Nature Human Behaviour ( IF 29.9 ) Pub Date : 2020-12-14 , DOI: 10.1038/s41562-020-00967-9 Simon P Kelly 1, 2, 3 , Elaine A Corbett 2, 3 , Redmond G O'Connell 3
To interact successfully with diverse sensory environments, we must adapt our decision processes to account for time constraints and prior probabilities. The full set of decision-process parameters that undergo such flexible adaptation has proven to be difficult to establish using simplified models that are based on behaviour alone.
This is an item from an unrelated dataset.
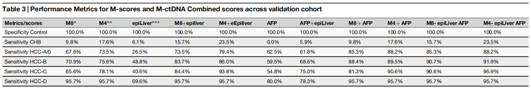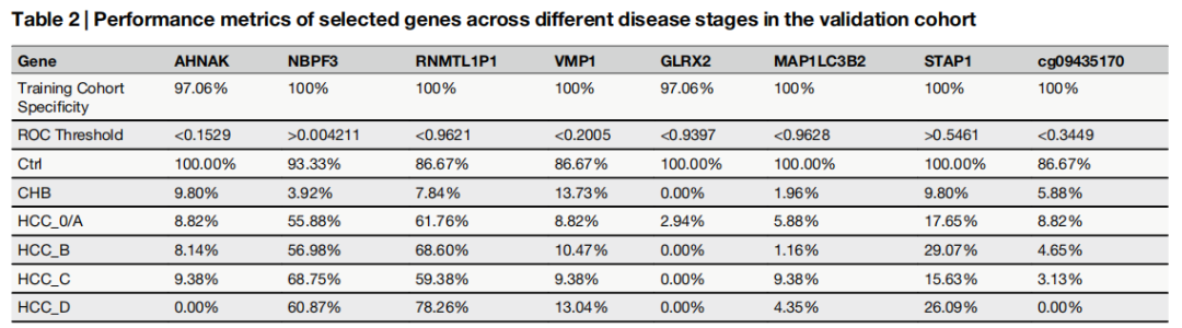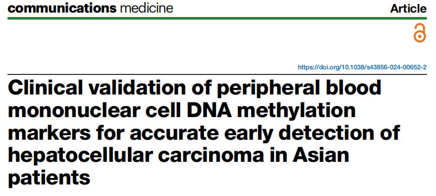 检测循环肿瘤DNA (ctDNA)中癌症特异性DNA甲基化标记物目前被认为是早期检测的首选方法,但该方法存在丰度低和技术复杂性等局限性,这阻碍了其在早期癌症检测中的有效性。外周血单个核细胞(PBMCs)提供了稳定而丰富的DNA来源,可能携带早期HCC的甲基化特征。 近日,杂志communications medicine上发表了一篇题为“Clinical validation of peripheral blood mononuclear cell DNA methylation markers for accurate early detection of hepatocellular carcinoma in Asian patients”的文章。文章表明,将M4评分(基于MAP1LC3B2、NBPF3、RNMTL1P1和STAP1四个基因甲基化水平的评分)与现有的诊断工具(如AFP)相结合,可显著提高早期HCC的诊断敏感性。M4 + AFP在A期的敏感度为88.2%,在所有阶段的敏感度高达95.7%。这些结果强调了PBMC甲基化标志物与当前血清学和血浆标志物结合的潜力,为早期HCC提供了更全面、更有效的诊断方法。 图片来源:communications medicine 主要内容 不同HCC分期基因特异性甲基化谱的比较分析 作者对训练队列中下列基因的中位数甲基化水平进行了受试者操作特征(ROC)分析,以确定每个基因对HCC的鉴别能力:AHNAK 、STAP1 、NBPF3、RNMTL1P1、VMP1、GLRX2、MAP1LC3B2以及cg09435170基因。结果显示,STAP1、RNMTL1P1、GLRX2、NBPF3和MAP1LC3B2在HCC所有阶段都显示出显著差异。VMP1、cg09435170、AHNAK分别在HCC某分期有显著差异 。 在验证队列中,NBPF3在高特异性下,对所有HCC分期中敏感性最高;RNMTL1P1也表现出显著的敏感性,尤其是在早期,但其特异性略低于NBPF3。STAP1、AHNAK和GLRX有高特异性,但在HCC分期中表现出较低的敏感性。其余基因VMP、MAP1LC3B2和cg09435170的特异性和敏感性因HCC分期不同而不同(如下表)。这种基因特异性分析表明,单基因的敏感性是不够的,应该开发一种组合模型。 在验证队列中不同疾病阶段所选基因的性能指标。 图片来源:communications medicine 基因评分的优化以增强HCC分期的区分性能 作者开发了一个HCC早期检测和分期的方法,包括所有8个基因,称为m8评分。结果显示,使用M8评分,对照组与CHB之间无显著差异,而对照组与癌症分期(A期至D期)之间的差异显著,且随着癌症分期的进展,显著性水平的增加(下图A、B)。 作者将M8中的四个重要分类因子(NBPF3、RNMTL1P1、MAP1LC3B2和STAP1)来创建M4评分,并比较了M8和M4评分的表现,并建立100%特异性和最高灵敏度的阈值(图B)。结果显示,在验证队列中,M8和M4评分在对照组中均表现出100%特异性,且M4评分普遍优于M8。 甲基化评分的ROC分析。 图片来源:communications medicine AFP及其与epiLiver、M8和M4评分的整合 作者评估了PBMC M4和M8评分和AFP与epiLiver的联用,是否提高了HCC检测的敏感性。总体而言,PBMC M评分与epiLiver和AFP的联用显著提高了所有HCC分期的敏感性,同时保持了高特异性,特别是在CHB患者中。在各种组合中,M4-epiLiver+AFP和M8-epiLiver+AFP在HCC晚期表现出最高的敏感性,M4 +AFP在早期高度敏感(如下表)。总的来说,将M4或M8评分与epiLiver和AFP标志物或两者结合,可显著提高HCC的诊断,提高疾病早期和HCC所有阶段的检测能力。 M评分和M-ctDNA综合评分的性能指标。 图片来源:communications medicine M4和M8评分在HCC 与乳腺癌和前列腺癌比较中的特异性 为了验证M4和M8评分检测HCC的特异性,作者将M4和M8评分应用于来自前列腺癌和乳腺癌患者的PBMC的DNA甲基化数据。结果表明,虽然AHNAK、STAP1和cg09435170位点在乳腺癌(BrCa)和对照组之间显示出显著的甲基化差异,但差异不明显。其他检查的位点没有达到统计学意义。前列腺癌中的AHNAK、STAP1、RNMTL1P1、VMP1和MAP1LC3B2,在与健康对照个体比较时,没有发现统计学意义。 总结与讨论 作者评估了PBMC衍生的甲基化标志物在HCC中的诊断潜力。M8和M4评分与epiLiver和AFP的结合可显著提高早期HCC的诊断敏感性。M4+epiLiver评分在A期HCC的敏感性为79.4%,而M4联合AFP在所有阶段的敏感性提高到88.2-95.7%。结果突出了结合cfDNA甲基化和PBMC DNA甲基化的诊断优势。通过对每个生物标志物集保持100%的高特异性阈值,确保诊断方法的稳健性和可靠性的同时提高了灵敏度。 使用白细胞而非cfDNA的明显优势在于,血浆中(cfDNA)极其稀缺,量化白细胞DNA中DNA甲基化面临更低的技术挑战。研究的局限性在于参与者的数量相对较少,可能会影响结果的准确性和可靠性。此外,组间的年龄差异以及该研究仅在孟加拉国进行,可能会限制对其他人群的适用性。在更大的异质队列中对已确定的甲基化标记进行更广泛的验证是必要的。 |

Here, we utilize well-characterized human neurophysiological signatures of decision formation to construct and constrain a build-to-threshold decision model with multiple build-up (evidence accumulation and urgency) and delay components (pre- and post-decisional). The model indicates that all of these components were adapted in distinct ways and, in several instances, fundamentally differ from the conclusions of conventional diffusion modelling. The neurally informed model outcomes were corroborated by independent neural decision signal observations that were not used in the model’s construction. These findings highlight the breadth of decision-process parameters that are amenable to strategic adjustment and the value in leveraging neurophysiological measurements to quantify these adjustments.
中文翻译:
人类先验知觉决策的神经计算机制
为了与不同的感官环境成功交互,我们必须调整我们的决策过程以考虑时间限制和先验概率。事实证明,使用仅基于行为的简化模型很难建立经过如此灵活适应的全套决策过程参数。在这里,我们利用充分表征的人类决策形成的神经生理学特征来构建和约束具有多个构建(证据积累和紧迫性)和延迟组件(决策前和决策后)的构建到阈值决策模型。该模型表明,所有这些组件都以不同的方式进行了调整,并且在某些情况下,与传统扩散建模的结论根本不同。神经信息模型结果得到了模型构建中未使用的独立神经决策信号观察的证实。这些发现突出了可以进行战略调整的决策过程参数的广度,以及利用神经生理学测量来量化这些调整的价值。